Nothing was more beautiful in old houses than the staircases. Nothing is uglier, colder, more hostile,
meaner, in today's apartment buildings.

We should learn to live more on staircases. But how?

- Georges Perec from Espècies d'espaces

The stairs that wrap the crevices of this enourmous monolith were born from
the obsession of a man to reach its top. Luis Villegas López a farmer from the
town of guatape borrowed a 8 meter ladder from the town priest and
accompanied by two friends they set to climb the rock using the ladder and
sticks that were fixed against the rock’s walls. After 4 days of unsuccessful
attempts they finally reached the top in the 5 day and went boasting happily
into the village about their feat.

After this Luis will buy the land surrounding the monolith and convert it into a
park to attract visitors. He built against every engineer’s advice a large
stairwell in the same way he had originally climbed the rock, by using the
crevices and geological faults in the monoliths surface and going through
them like a doctor stitching an open wound.

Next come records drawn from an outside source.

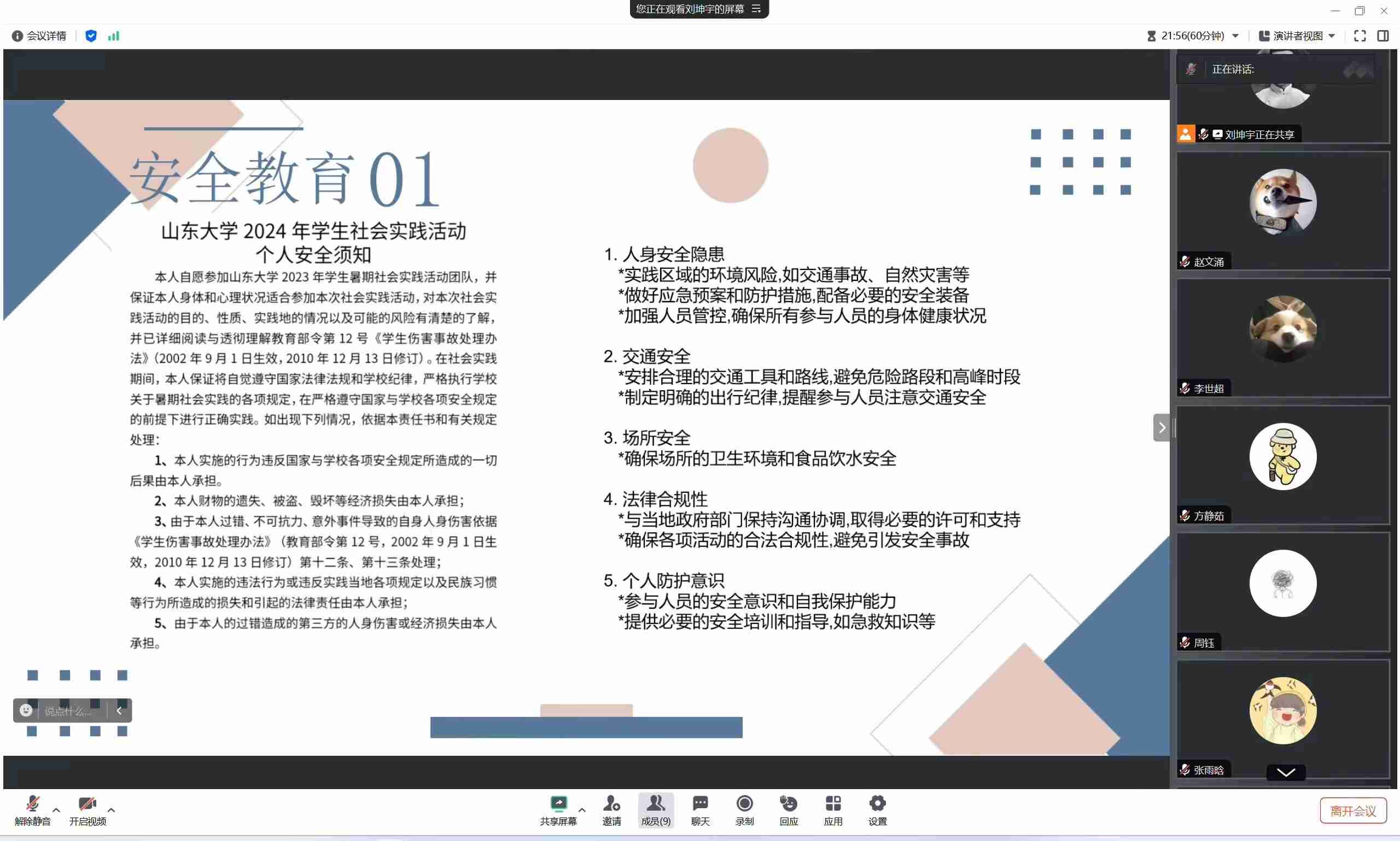 本次活動由團隊負責人劉坤宇主持,社會實踐團隊全體成員參與。劉坤宇首先著重強調了安全意識的重要性與必要性,他指出團隊成員要時刻牢記安全第一,并介紹了一系列安全防范措施和應急預案。團隊成員們積極參與討論,分享了自己的安全經驗和意見,共同制定了安全教育的具體措施,以確保社會實踐活動在安全保障的前提下進行。接著,劉坤宇表達了對團隊的思想建設和協作能力的關注。
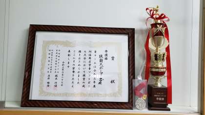 立派なトロフィーやメダル、賞状を1階廊下の棚に飾っています。
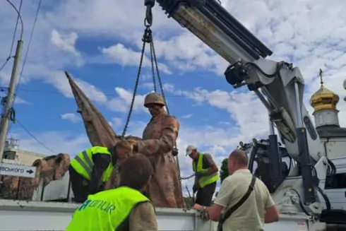Монумент демонтували, бо через місце, де він стояв, будуть прокладати нову дорогу — з’їзд із новозбудованого мосту. Демонтаж пам’ятника погодили з Міністерством культури та інформаційної політики.
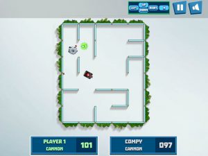 Auf dem Spielfeld angekommen, schaut man aus der Vogelperspektive auf seinen kleinen (grünen) Panzer. Durch eine Art Labyrinth, dass sich jede Runde verändert und mal größer mal kleiner ist, wird dann mit den vorher festgelegten Tasten gesteuert. Dazu gibt es eine Feuertaste, um Kanonen abzuschießen. Punkte gibt es jeweils dafür, wenn man den Gegner trifft oder verschiedene Extras auf dem Schlachtfeld einsammelt. Bevor man das erste Mal einen Schuss abfeuert sollte man wissen: Die Kugeln prallen von der Wand ab! So kann man sich mit seiner eigenen Kugel auch mal selbst eliminieren. Nicht nur dadurch, ist es gar nicht so einfach den Gegner zu besiegen. Sein volles Potential erreicht das Mini-Spiel allerdings, wenn man zu mehreren an einem Computer sitzt. Was allerdings fehlt in der heutigen Zeit, wäre ein Online-Multiplayermodus. Der würde das Spiel tatsächlich aufwerten.
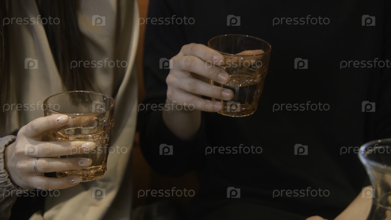 Ближайшее изображение пары на свидании со стаканами в кафе. Скриншоты. Парень и девушка бьют бокала с прозрачным напитком. Молодая пара на свидании с напитками и едой

Luis Villegas was not the only man fascinated with this monolith, various
persons had tried unsuccessfully to climb it before and the task was
considered unattainable, the rock was also subject of a quarrel as the two
towns that bordered it “Guatape” and “El Peñol” fought over it’s ownership to
the point where some people from the town of Guatape tried to draw the
town’s name on it, only managing to get the letter G and part of the letter U.
But why are large monolith’s so fascinating? Do they represent some large
aspiration? Is it a fascination to conquer the unattainable? Is it a will to
merge with the surrounding space? Or a seduction in the process of self-
mastery and self becoming?

Are crevices and open views related to each other? Crevice Spiders are a
family of spiders with a hundred different species that build their webs
between cracks and crevices that they find in nature and houses. Their webs
don’t have the adhesive power of other spider webs but their messy design
works to trap their prey. Crevice spiders built their webs the same way that
Luis Villegas built his staircase by dancing spontaneously against the walls
between a dark crevice that attracts the spider’s prey.